The difference is in how childbirth happens – and how frequently it can mean death for a developing country woman. Had I been a poor woman in a developing country, the chances are good that neither me nor my twins would have survived. The lifetime chance of dying from maternal causes is one in 61 for women in developing country. The same risk has a probability of 1 in 2800 in the developed world (PRB, 2005) . Wherever they live, rich women benefit from better health and pre-natal care that greatly improve their chances for safe delivery. But childbirth can still be a terrifying experience.

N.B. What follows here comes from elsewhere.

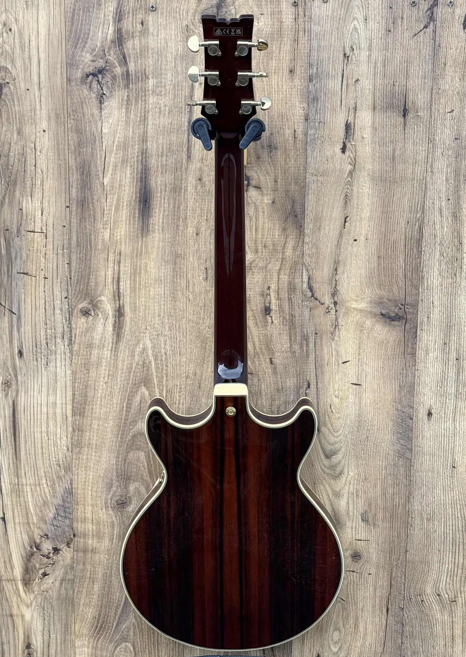 The AM93ME-NT features a beautiful macassar ebony body, giving it a striking, exotic look while enhancing tonal depth. Its double-cutaway semi-hollow construction provides the resonance and warmth expected of a jazz guitar, but with improved feedback resistance compared to larger hollow-body models. The craftsmanship is excellent, with clean binding, ornate abalone block inlays, and gold hardware adding a premium touch.
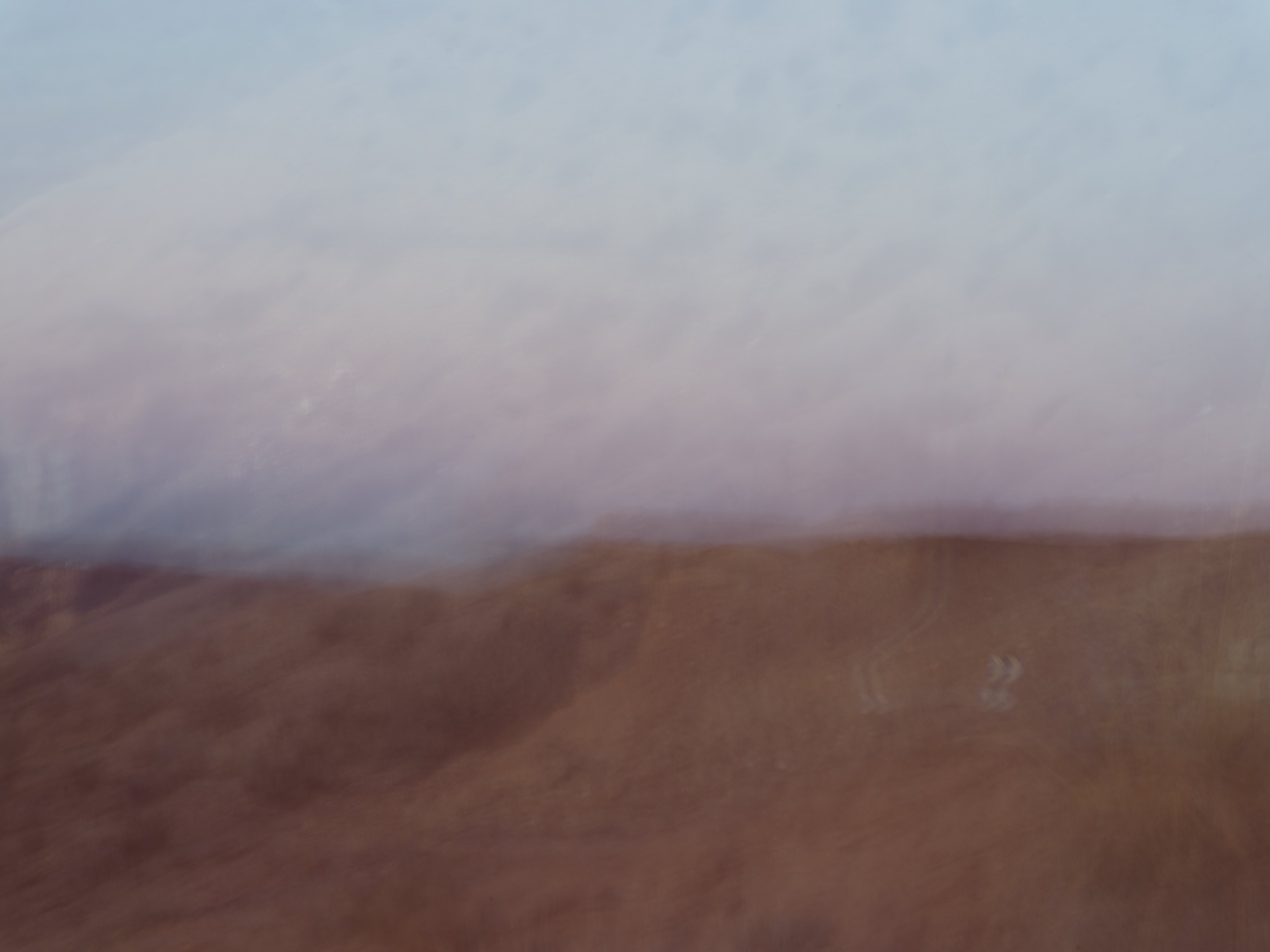 La même démarche, retournée vers le paysage. Le mouvement de l'appareil grave le lieu plutôt qu'il ne le représente.

To see a graphic example, watch the video on maternal health from the Survival series produced by BBC News. It tells the stories of women in Bangladesh through pregnancy, childbirth and the first years of their children’s live, and the challenges that they face during this critical, yet vulnerable period in their lives. The full 10-part series is continuing through the end of November on BBC TV and available in short videos. Here’s the series schedule:

4 October - Survival: Neglected Tropical Diseases
11 October - Survival: Sleeping Sickness
18 October - Survival: Malaria
25 October - Survival: Maternal Health
8 November - Survival: Child Survival
15 November - Survival: HIV/TB
22 November - Survival: Acute Respiratory Infections
29 November - Survival: Worms
29 November - The World Debate: Survival Health Debate

Former CGD resident fellow, Jeremy Shiffman, has written frequently on how to achieve greater political priority to maternal health and advances in measuring and responding to maternal health conditions are being made. You can read a Q&A with Jeremy based on his recent presentation at WHO and access his Lancet paper here.

The recent maternal mortality initiatives are gratifying, but they seem awfully distant from that experience in the operating room with lights, beeping instruments and technicians. Even further from the childbirth experience of poor women in developing countries.